README for http://www.sketchengine.co.uk/KSC/
This directory contains a number of known-similarity corpus sets, designed for testing metrics for corpus similarity. For theory, documentation etc see the paper
@InProceedings{wvlc:96,
author = "Adam Kilgarriff",
title = "Using word frequency lists to measure corpus
homogeneity and similarity between corpora",
booktitle = "Proceedings, {ACL SIGDAT} workshop on very large corpora",
year = 1997,
address = "Beijing and Hong Kong",
month = "August"
}
also available (electronicaly or as hard copy) as techreport ITRI-97-07 ftp://ftp.itri.bton.ac.uk/pub/reports/ITRI-97-07.ps.gz
Each file is gzipped and tar'd. Once unzipped and untarred, you will have a directory, eg acc_gua, containing between 3 and 10 files such as
acc0_gua acc1_gua acc2_gua ...
acc and gua are acronyms for two distinct text types (in this case, "Accountancy" (a periodical) and The Guardian). The digit represents the number of tenths of the first text type, so acc2_gua is two tenths Accountancy, eight tenths Guardian. The value of the data set is that we can say with confidence that, eg, acc1_gua is more like acc2_gua than acc0_gua is like acc3_gua. See paper for fuller elucidation.

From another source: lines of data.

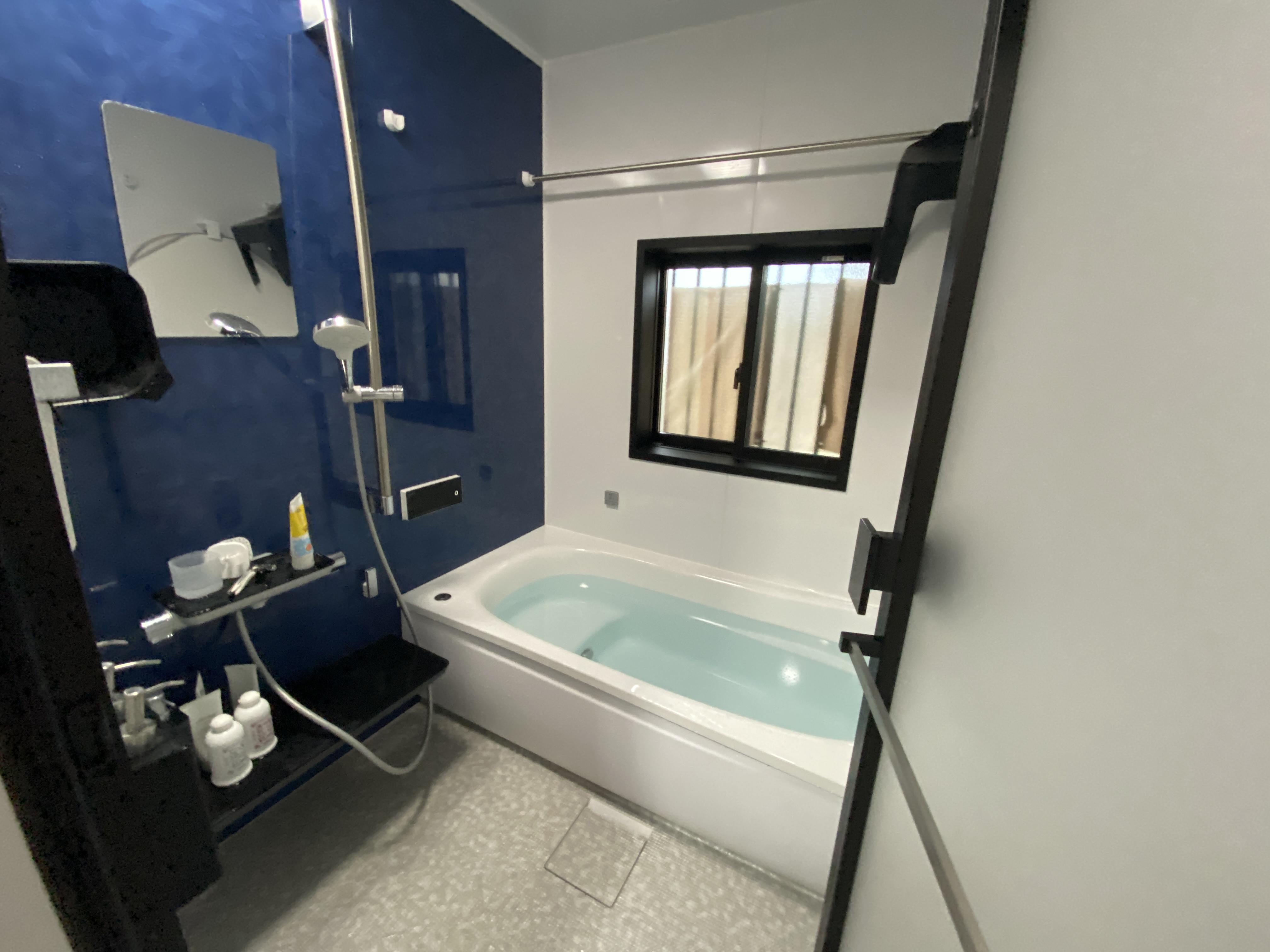 | 20年以上前のシステムバスでした。 | 最新のシステムバスになり、断熱性と清掃性がグンと上がりました。青色のアクセントパネルも素敵です。 |
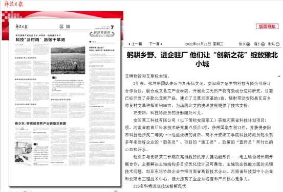 (1)科技日报:躬耕乡野、进企驻厂他们让“创新之花”绽放豫北小城
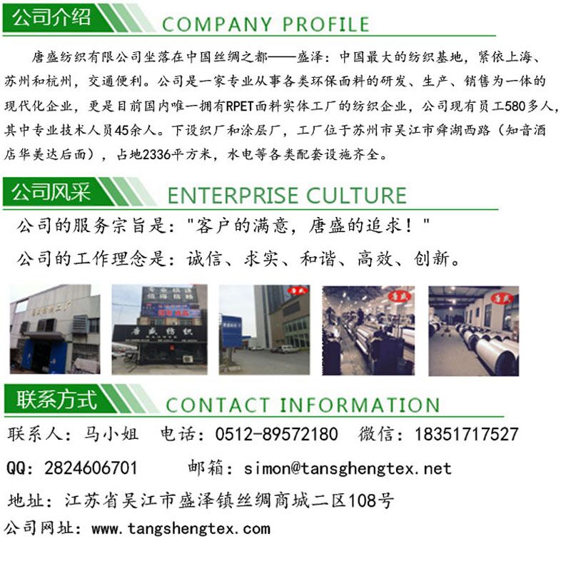 后整理:染色、印花、三防(防水,防污,防油)、壓花、壓皺、涂金/銀/白、防紫外線、阻燃、PU、PVC壓延(新老歐標)、TPE背膠、TPU復合、優(yōu)力膠等
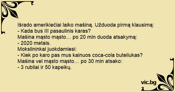 Išrado amerikiečiai laiko mašiną. Užduoda pirmą klausimą:
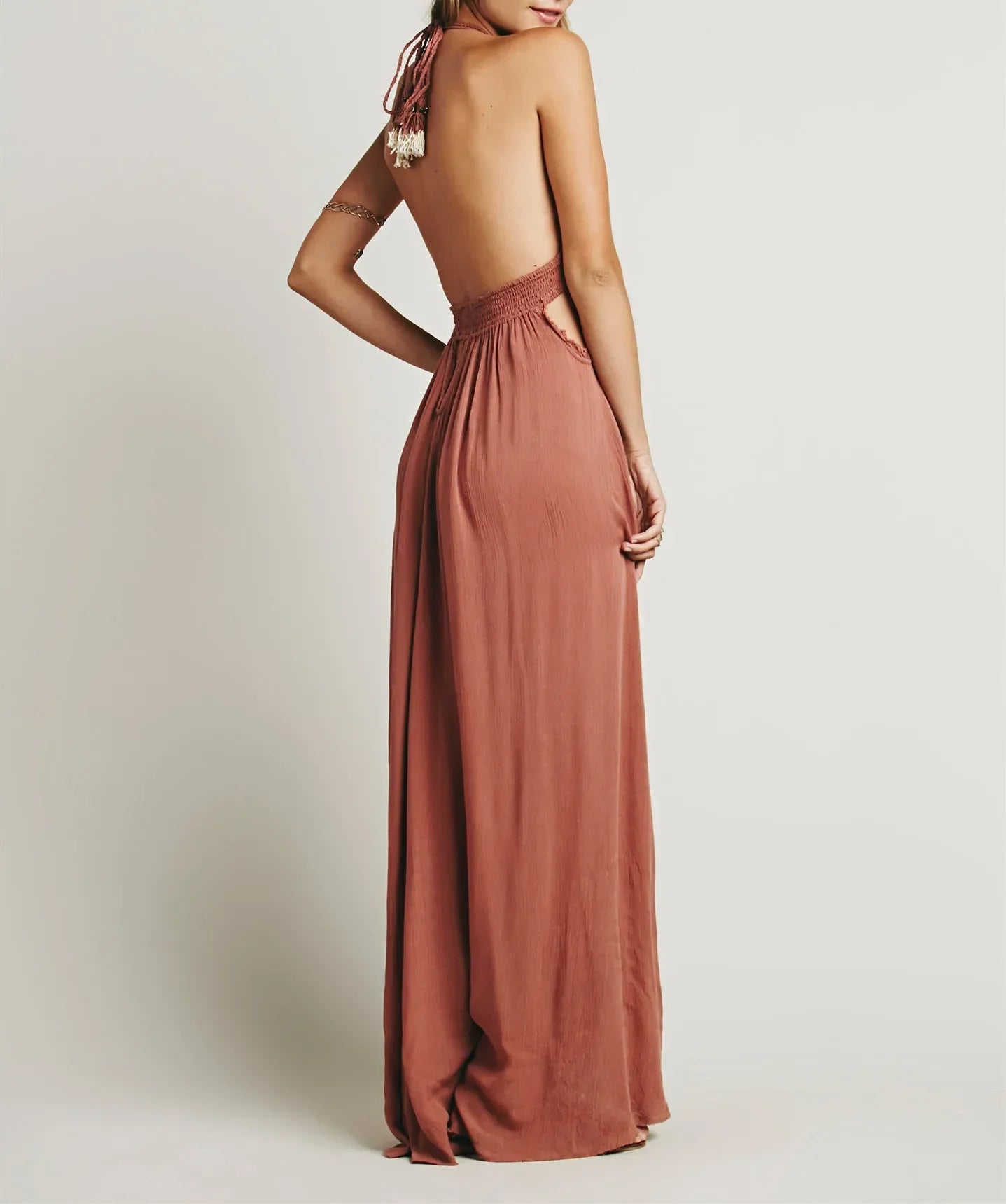 Step into the sunshine with this effortlessly chic Boho Beach Sundress, designed for the free-spirited woman who loves to blend comfort with style. Featuring a flattering V-neckline, backless design, and flowy A-line silhouette, this ankle-length maxi dress is perfect for beach holidays, resort wear, or lazy summer afternoons.

All corpora comprise 100,000 words in total.
All data is taken from the BNC (see http://info.ox.ac.uk/bnc ). BNC POS-tagging, sentence markup and BNC document references have been retained. The markup uses minimal SGML, with just 4 elements (w, s, bncDoc and c (for punctuation)) and can be easily removed by, eg, the following line of perl:
s/<[^>]+>//g
No chunk of text occurs in more than one of a set of known-similarity corpora.
At beginnings and ends of corpus 'slices', sentences are truncated. Elsewhere they will not be. Slices comprise 10,000 words (drawn from consecutive documents and files of the appropriate source in the BNC) so truncations are relatively few.
The corpora were built by taking, eg, 2 slices of Accountancy and then adding 8 of Guardian. This means that the beginnign of the corpus is of one text type, the end of another. For metrics which involve eg cross-validation, this must be born in mind before further sampling is undertaken.
Enjoy!
Adam Kilgarriff adam.kilgarriff@gmail.com